Hanya pupil mata Patriark Duan Ru Huo yang menyempit saat ia menatap Duan Ru Lei dalam-dalam. “Saudara kedua, kuharap kau menepati janjimu…. Jika tidak, aku akan kecewa, dan klan pun akan kecewa.”
Tubuh Duan Ru Lei bergetar saat dia buru-buru berkata, “Baik, Patriark!”
“Kakak keempat, kau akan bertanggung jawab membawa anak bernama Ling Tian itu kembali ke klan.
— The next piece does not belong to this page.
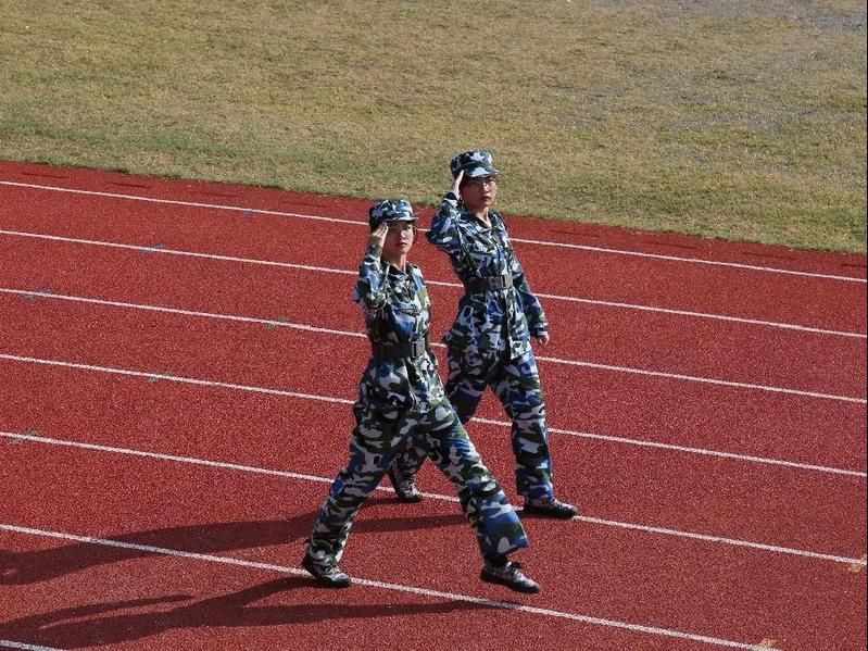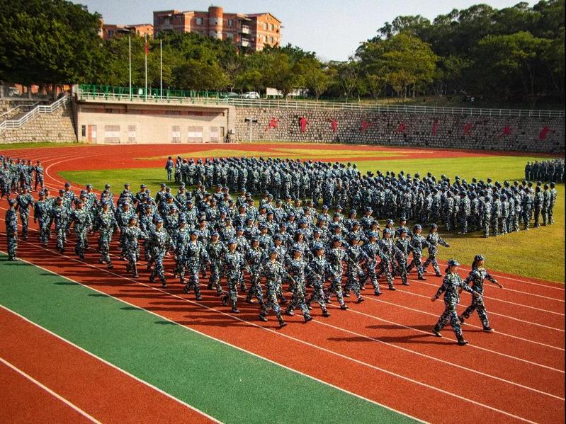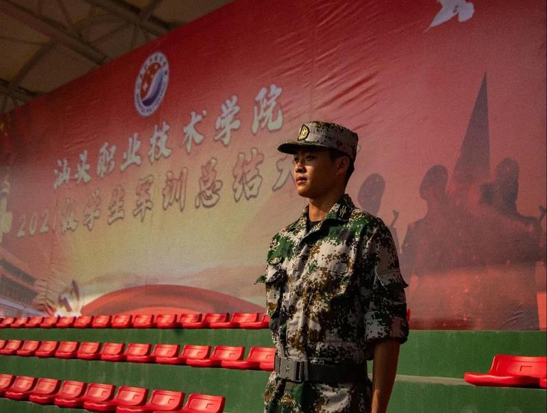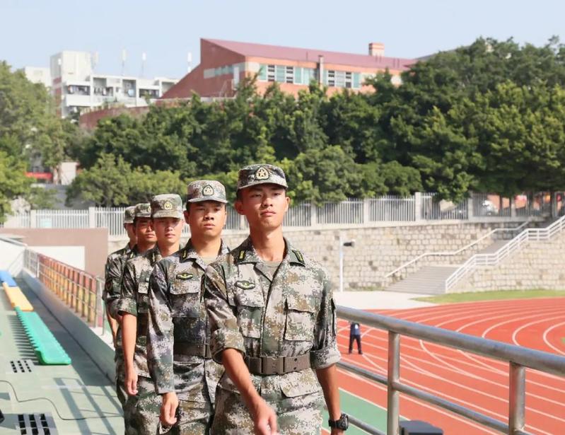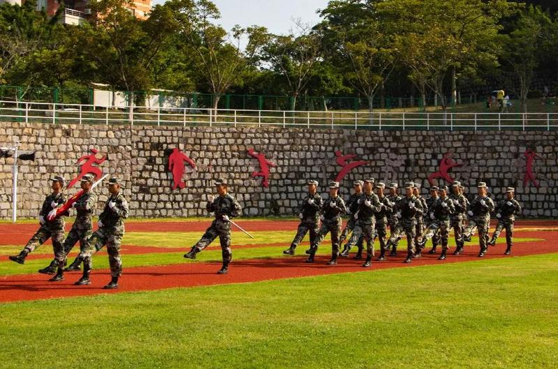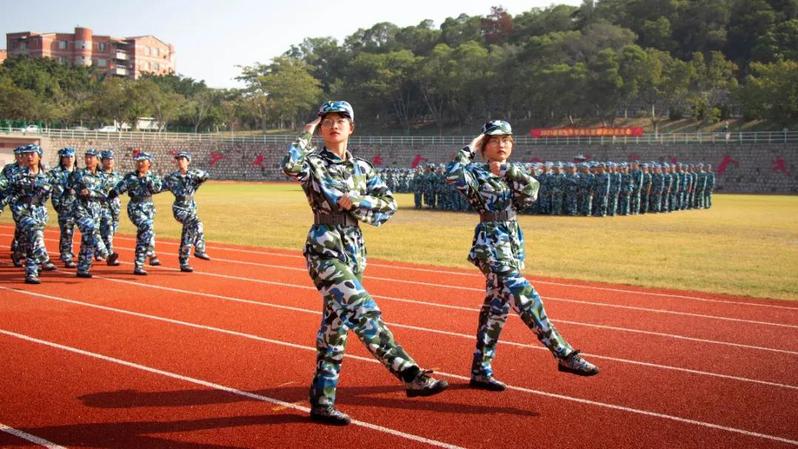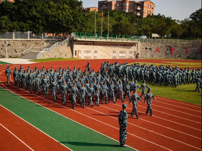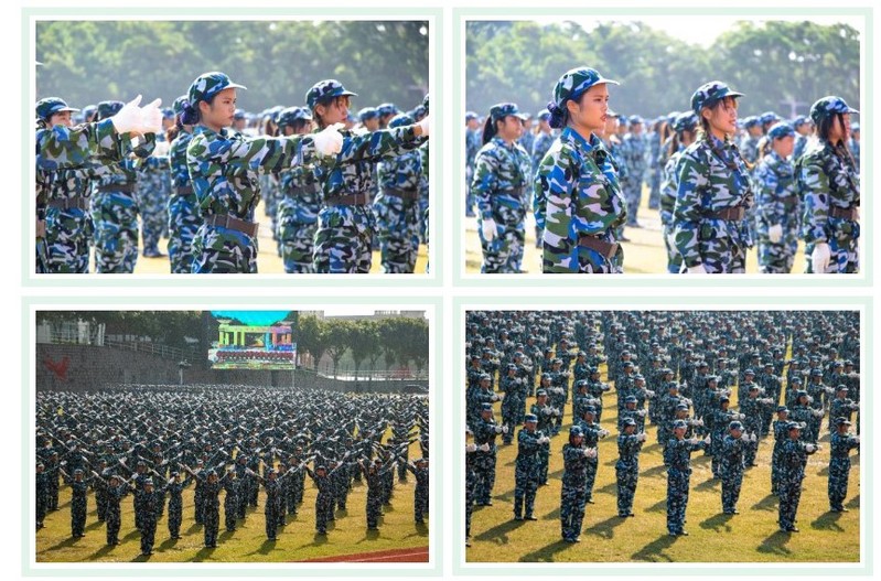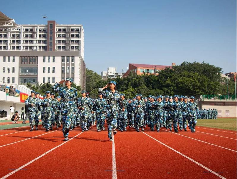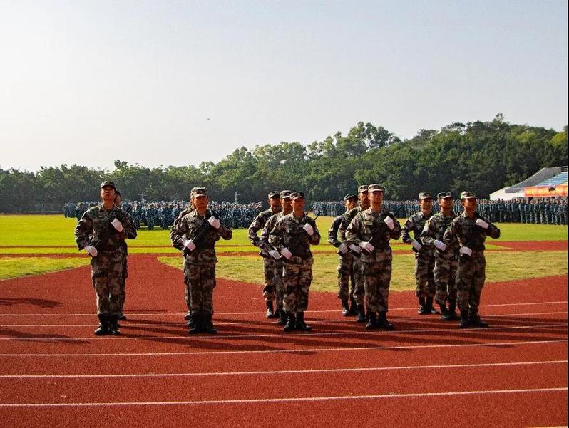 在军训即将结束的时候,他们把不舍化为在训练场上的飒爽英姿,迈着铿锵的步伐走过主席台,接受濠江区武装部和学院领导、老师们的检阅。

Dia telah menderita terlalu banyak kesulitan di luar klan, dan Klan Duan akan memberikan kompensasi yang layak kepadanya.” Duan Ru Huo menatap Duan Ru Hong sambil berbicara perlahan.
“Baik, Patriark!” Duan Ru Hong buru-buru menerima perintah itu, dan dia menghela napas dalam hatinya karena dia tahu bahwa Duan Ling Xing telah meninggal tanpa alasan.
Duan Rong benar-benar kebingungan saat menyaksikan Patriark Klan Duan dan para tetua pergi satu per satu.
Masalah ini berakhir begitu saja?
“Kakak Kedua, Ipar Perempuan Kedua, hasil ini tak terhindarkan; saya turut berduka cita.” Duan Ru Hong menghibur Duan Ru Lei dan istrinya sebelum berjalan pergi dengan langkah cepat.
“Kau benar-benar tidak membalas dendam atas putra kita?” Setelah menyadari orang-orang asing itu pergi, mata kecil wanita gemuk itu dipenuhi dengan kemerahan berdarah saat dia menatap suaminya dan berbicara dengan suara dingin.